(TASK STATEMENT) Copy out exactly the stretch below, from the line with "Ilustracja przedstawia piaszczysty" through the line with "離開當金山,朝著阿克塞石油小", both included; the pictures stay out.

(SUPPLIED RECORDS)
☆ ☆ ☆ ☆ ☆

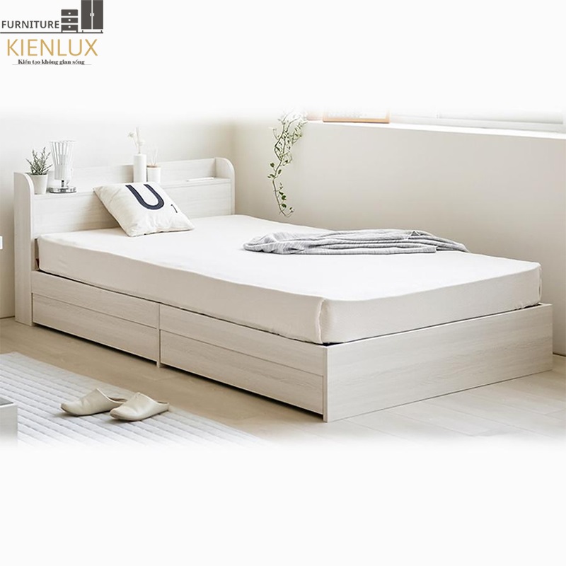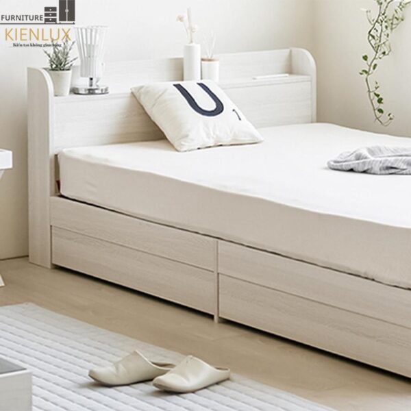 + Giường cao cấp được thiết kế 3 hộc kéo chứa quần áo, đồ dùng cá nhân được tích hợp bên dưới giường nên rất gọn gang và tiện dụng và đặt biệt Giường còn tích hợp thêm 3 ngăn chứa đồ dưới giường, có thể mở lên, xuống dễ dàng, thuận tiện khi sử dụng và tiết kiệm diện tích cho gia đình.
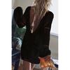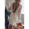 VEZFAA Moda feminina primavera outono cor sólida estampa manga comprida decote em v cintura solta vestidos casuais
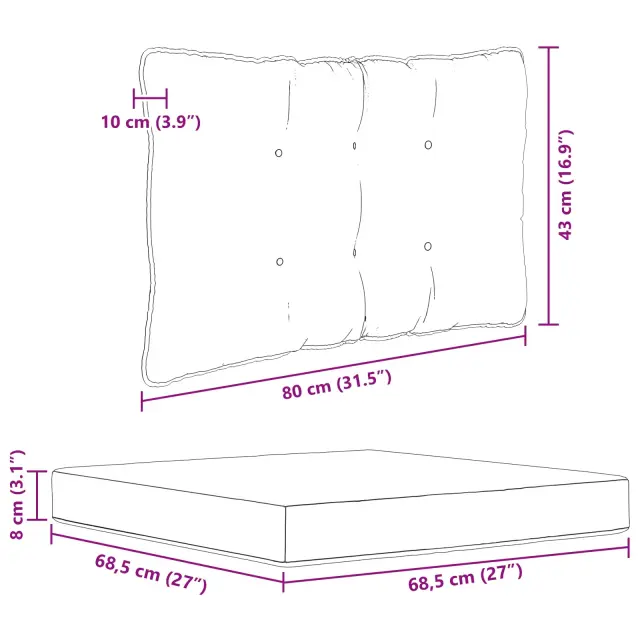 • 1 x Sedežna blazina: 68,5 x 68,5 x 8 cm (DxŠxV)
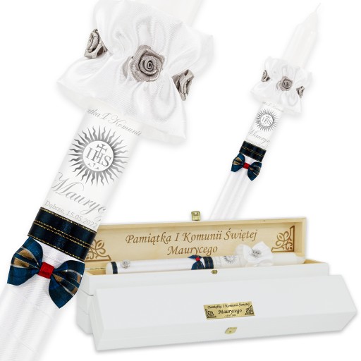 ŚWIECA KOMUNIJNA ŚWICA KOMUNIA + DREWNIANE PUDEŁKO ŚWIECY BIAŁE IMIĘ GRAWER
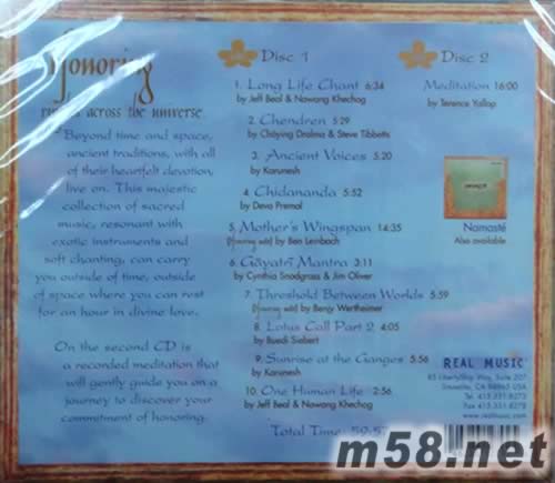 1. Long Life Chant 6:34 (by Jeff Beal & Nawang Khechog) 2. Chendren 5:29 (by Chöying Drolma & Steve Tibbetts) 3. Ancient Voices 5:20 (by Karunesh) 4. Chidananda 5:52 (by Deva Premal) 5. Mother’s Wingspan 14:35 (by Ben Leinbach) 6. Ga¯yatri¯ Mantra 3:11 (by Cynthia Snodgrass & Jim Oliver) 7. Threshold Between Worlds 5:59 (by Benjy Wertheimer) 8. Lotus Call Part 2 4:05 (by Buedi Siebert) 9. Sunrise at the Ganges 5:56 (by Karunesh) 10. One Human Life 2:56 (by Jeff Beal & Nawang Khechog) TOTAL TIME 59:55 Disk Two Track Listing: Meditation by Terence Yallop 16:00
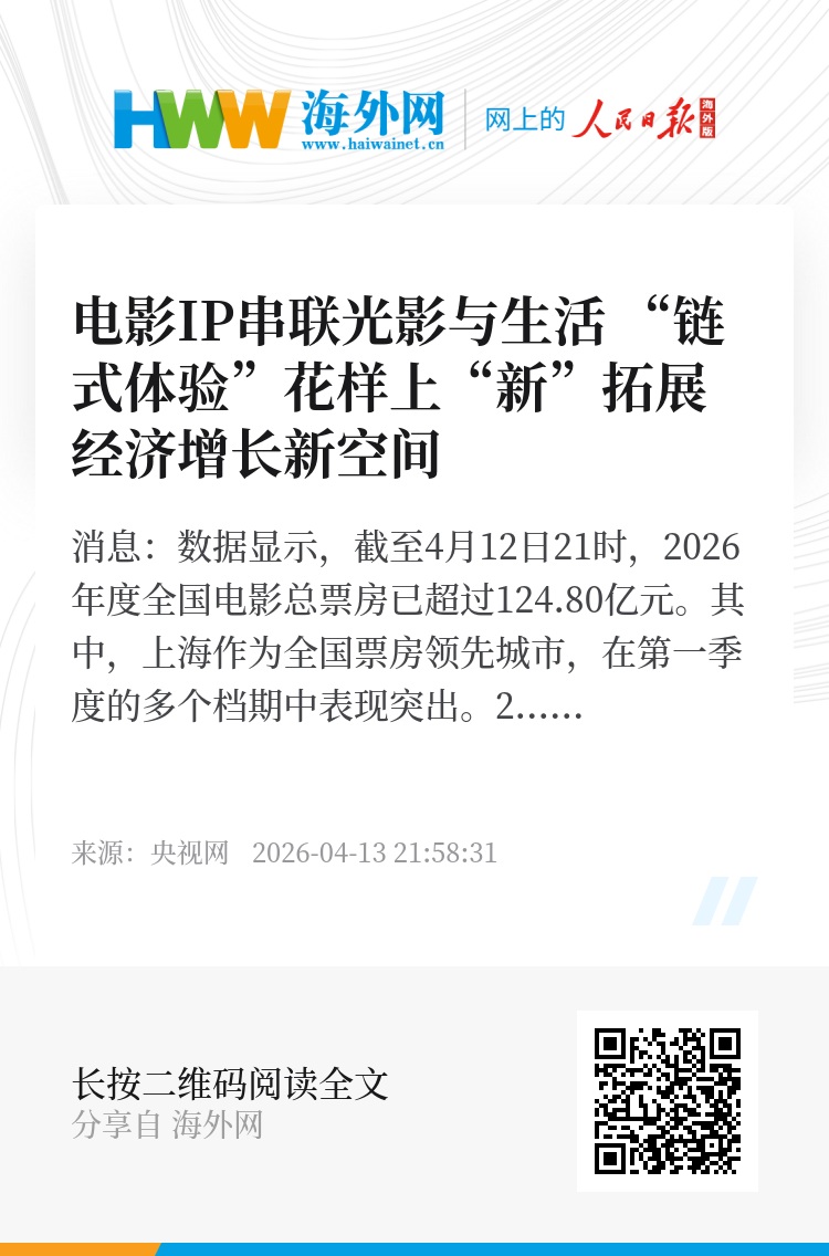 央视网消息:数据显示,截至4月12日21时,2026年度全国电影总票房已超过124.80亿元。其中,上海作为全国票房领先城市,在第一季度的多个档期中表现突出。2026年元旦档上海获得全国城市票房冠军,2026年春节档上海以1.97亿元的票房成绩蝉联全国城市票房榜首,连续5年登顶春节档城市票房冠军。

☆ ☆ ☆ ☆ ☆

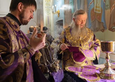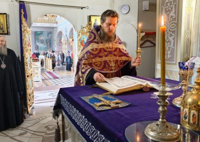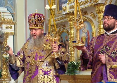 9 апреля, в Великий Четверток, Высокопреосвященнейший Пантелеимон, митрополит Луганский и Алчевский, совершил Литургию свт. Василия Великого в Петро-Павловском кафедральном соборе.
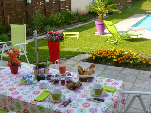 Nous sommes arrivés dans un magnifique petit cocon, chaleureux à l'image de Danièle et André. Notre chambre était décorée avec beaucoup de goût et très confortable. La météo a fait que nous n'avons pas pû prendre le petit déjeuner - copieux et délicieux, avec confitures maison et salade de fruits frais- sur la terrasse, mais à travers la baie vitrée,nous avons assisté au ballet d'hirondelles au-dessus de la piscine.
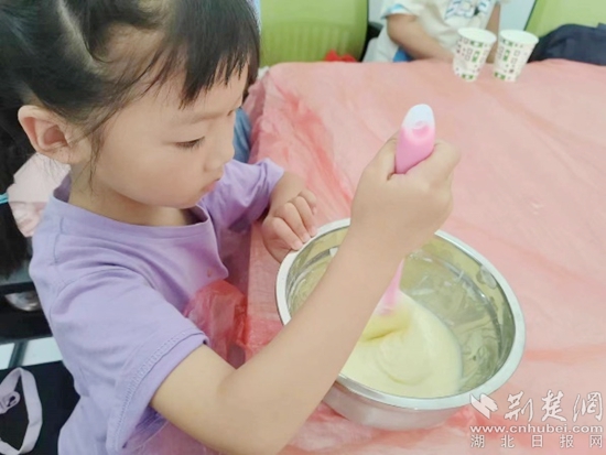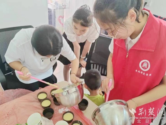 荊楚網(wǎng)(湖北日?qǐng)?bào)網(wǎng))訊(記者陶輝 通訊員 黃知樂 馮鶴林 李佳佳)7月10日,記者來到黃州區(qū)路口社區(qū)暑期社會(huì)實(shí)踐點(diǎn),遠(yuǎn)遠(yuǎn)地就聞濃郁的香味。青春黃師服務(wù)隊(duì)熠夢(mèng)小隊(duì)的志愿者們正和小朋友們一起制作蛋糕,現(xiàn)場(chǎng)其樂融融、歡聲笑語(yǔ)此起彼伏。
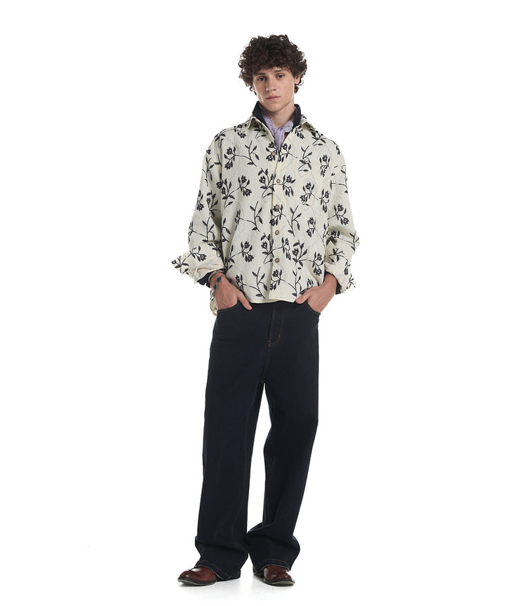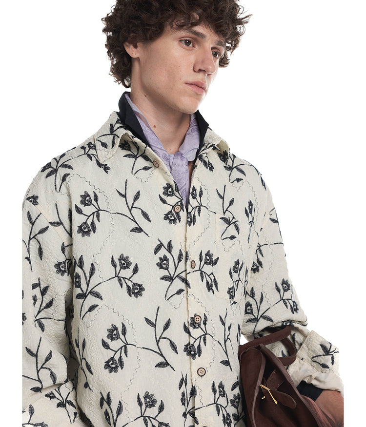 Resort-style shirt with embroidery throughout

☆ ☆ ☆ ☆ ☆

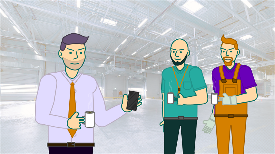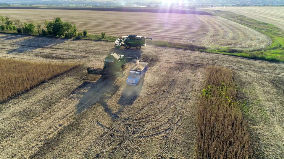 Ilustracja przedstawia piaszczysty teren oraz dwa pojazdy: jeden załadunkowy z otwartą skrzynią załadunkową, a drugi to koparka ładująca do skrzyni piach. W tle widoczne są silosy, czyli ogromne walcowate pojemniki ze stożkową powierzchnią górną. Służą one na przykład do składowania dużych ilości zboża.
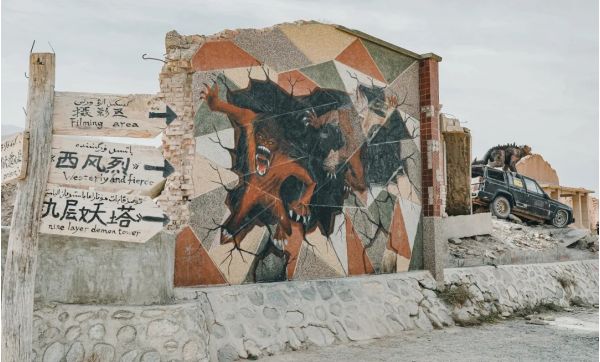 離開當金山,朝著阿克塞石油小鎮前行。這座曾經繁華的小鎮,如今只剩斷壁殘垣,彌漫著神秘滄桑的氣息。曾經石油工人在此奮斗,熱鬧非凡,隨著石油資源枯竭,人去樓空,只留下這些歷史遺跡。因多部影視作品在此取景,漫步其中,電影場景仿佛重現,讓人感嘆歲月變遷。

☆ ☆ ☆ ☆ ☆

(FINAL ANSWER)
 Ilustracja przedstawia piaszczysty teren oraz dwa pojazdy: jeden załadunkowy z otwartą skrzynią załadunkową, a drugi to koparka ładująca do skrzyni piach. W tle widoczne są silosy, czyli ogromne walcowate pojemniki ze stożkową powierzchnią górną. Służą one na przykład do składowania dużych ilości zboża.
 離開當金山,朝著阿克塞石油小鎮前行。這座曾經繁華的小鎮,如今只剩斷壁殘垣,彌漫著神秘滄桑的氣息。曾經石油工人在此奮斗,熱鬧非凡,隨著石油資源枯竭,人去樓空,只留下這些歷史遺跡。因多部影視作品在此取景,漫步其中,電影場景仿佛重現,讓人感嘆歲月變遷。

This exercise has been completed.